Claryus se aproxima, e faz isso por ele, o acariciando gentilmente com suas unhas compridas e afiadas, semelhantes às de seu irmão.

— Eu falei que não era para você se apegar a uma mortal. Entendo sua insegurança, mas pare de pensar nisso. Eu não te reconheço desse jeito. - Ela se refere a forma que Pyrus normalmente age.

— Eu... Não tô me apegando. Só... Tô com um pouco de medo de qual rumo isso vai levar. - Pyrus volta a olhar para sua irmã. - Você sabe, tenho medo de que aconteça o mesmo que aconteceu com o Maboo.

— O Maboo era um babaca, você deveria ter depenado aquele anjo idiota quando teve a chance. Seja otimista, não espere que a sua humana seja como ele. - Então ela para de acariciá-lo, e faz um gesto pedindo pressa, pois o festival estava prestes a começar.

Quebra de tempo

Semanas depois, a rotina no Canadá voltou. Pyrus continuava a exercer seu trabalho como um dançarino, e S/N, sua faculdade e seu emprego na cafeteria, já quase não tinha mais tempo para arte.
Era uma tarde calma e fria de outono, e a garota estava na cafeteria, com seu uniforme nada apropriado ao frio, pois saiu às pressas por ter perdido seu horário depois de uma longa noite saciando a fome por vitalidade de Pyrus.
S/N estava atrás do balcão, pois hoje era seu dia na escala como garçonete. A cafeteria não estava tão cheia como habitualmente, e ficou quieta em um canto até que alguém precise de seu serviço. Esfregando os braços cuidadosamente para esquentá-los, ela olhava para os lados, foi quando alguém familiar entrou na cafeteria. Era um garoto de olhos grandes, mas fitavam os meus com um ódio sem igual. Seus cabelos ondulados e volumosos e sua pele pálida revelava o rosto de Maboo, o que a assusta ao vê-lo na cafeteria, em um lugar que trabalhava há anos e nunca havia o visto ali. Ele se dirigiu ao balcão sem tirar sua atenção da garota, que nunca pensou que estaria com medo de um anjo.
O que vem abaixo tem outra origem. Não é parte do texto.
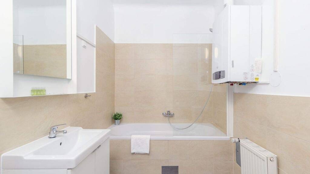 Die separate Küche ist großzügig dimensioniert und bietet ausreichend Platz für eine vollwertige Küchenlösung. Das Badezimmer ist funktional ausgestattet, ein separater Vorraum sorgt für eine klare und effiziente Erschließung der einzelnen Räume.

Mas como dito, voltaram a rotina, e era parte dela Pyrus visitar sua garota em seu trabalho todos os dias por sua segurança, e foi o que aconteceu, ele abriu a porta com um sorriso no rosto na direção de S/N, mas ao ver a expressão desconfortável da garota, ele olhou para os lados, e encontrando o mesmo anjo. Eles se encararam de uma forma assustadora, e o clima ficou pesado... O que eles iriam fazer?